張子函覺得好委屈,眼淚無聲的在臉頰滑落。
“爲什麼,給我一個理由?”她不相信在一夜之間他會換了一個人似的。
“沒有理由,反正你不能把這個孩子留下。”程旭一臉的冷漠,整一個一副放蕩不羈的樣子流氓樣子。
“孩子是我的和你沒有關係。”張子函的內心在滴血,她不明白他爲什麼一定要她放棄孩子。
“怎麼可能,孩子身上也留着我的血。我會因爲孩子的存在而牽掛。”程旭一副焦慮的樣子,恨不得馬上讓她肚子裡的孩子消失,“我不想讓這樣的牽掛伴着我一生。”
看來和他說不清了,張子函轉身離開不想再和他說什麼。
“你等一下。”程旭上前拉住了她的手,“今天,這孩子必須打掉。”
張子函乞求的眼神看着他,還是不信這是她認識的程旭:“程旭、你是不是有什麼苦衷?”
程旭微微的愣了一下:“沒有,如果你爲了我好,就放棄你現在肚子裡的孩子,你以後再找個男人還會有你們的孩子。

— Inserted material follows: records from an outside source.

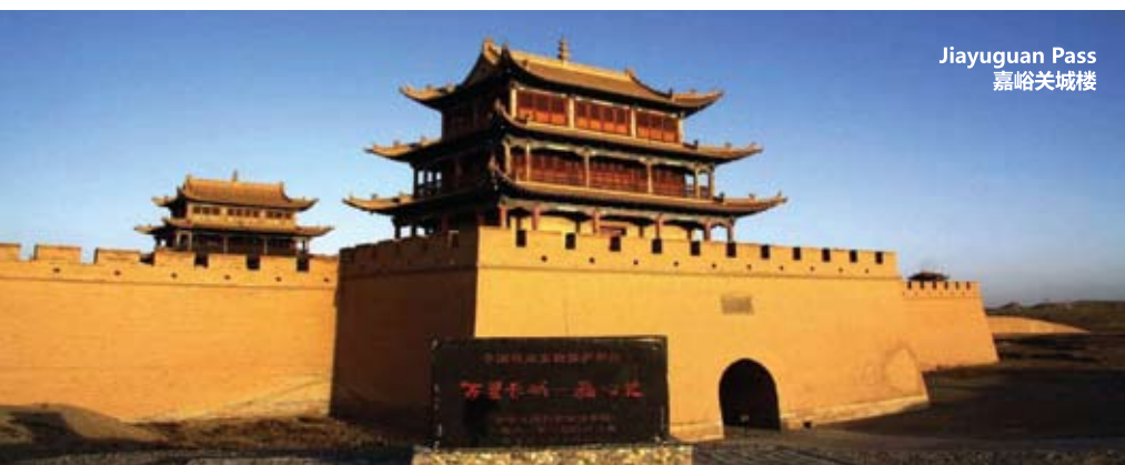
Jiayuguan Pass 嘉峪关城楼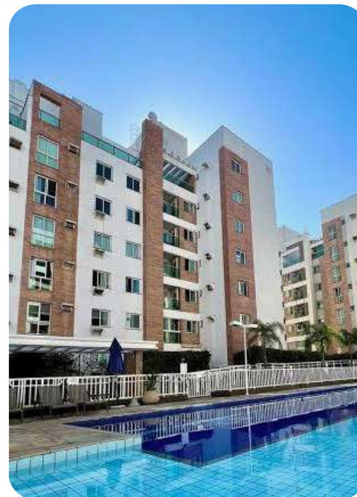
JARDINS HOME CLUB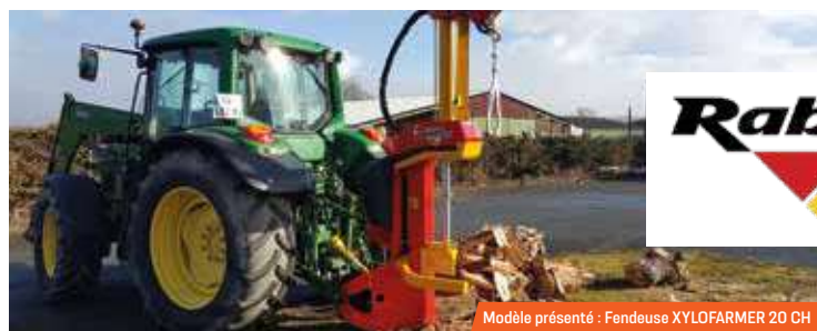
Modèle présenté : Fendeuse XYLOFARMER 20 CH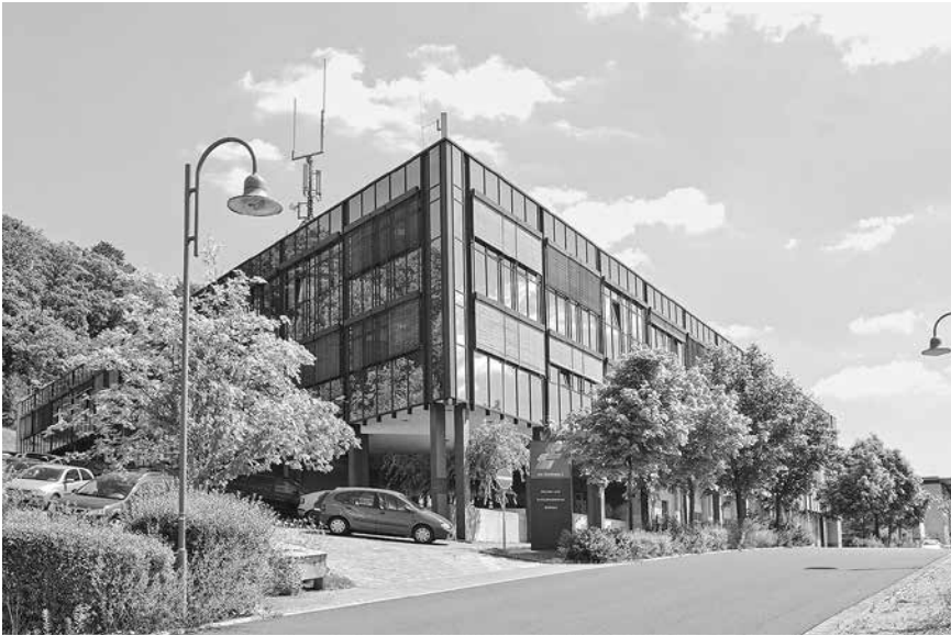
Gründer- und Innovationszentrum am Standort in Stedtfeld

”
“不,你太自私了,你怎麼可以剝奪我的權利!”
“我希望你能配合。”程旭搖了一下牙,“不然大家都難堪。”
“你想怎麼樣?”張子函一臉驚恐,她看着程旭的臉上帶着兇狠的樣子,淚水不停的滑落。
“你逼我的。”程旭突然揮了一下手,這時在不遠處來了兩個人,他們拉住她。
她正想大叫,這時一塊毛巾在她面前晃了一下,接下去她什麼也不知道了。
窗外傳來了狗叫聲,張子函也在迷迷糊糊中醒來。
首看的是自己的肚子,還好肚子完好無損,她又擡起頭看看周圍,除了一張鬆軟的大牀,其它什麼也沒有,她走到窗邊看看那,整個窗都安裝了防盜窗:我這是在哪裡?
想拿手機,發現隨身的包也見了,現在幾點也不知道。
她急忙走到門口,門沒有反鎖,輕輕一拉開了,外面是一個豪華客廳,這時一個約50歲的阿姨走了過來,看到她笑了一下。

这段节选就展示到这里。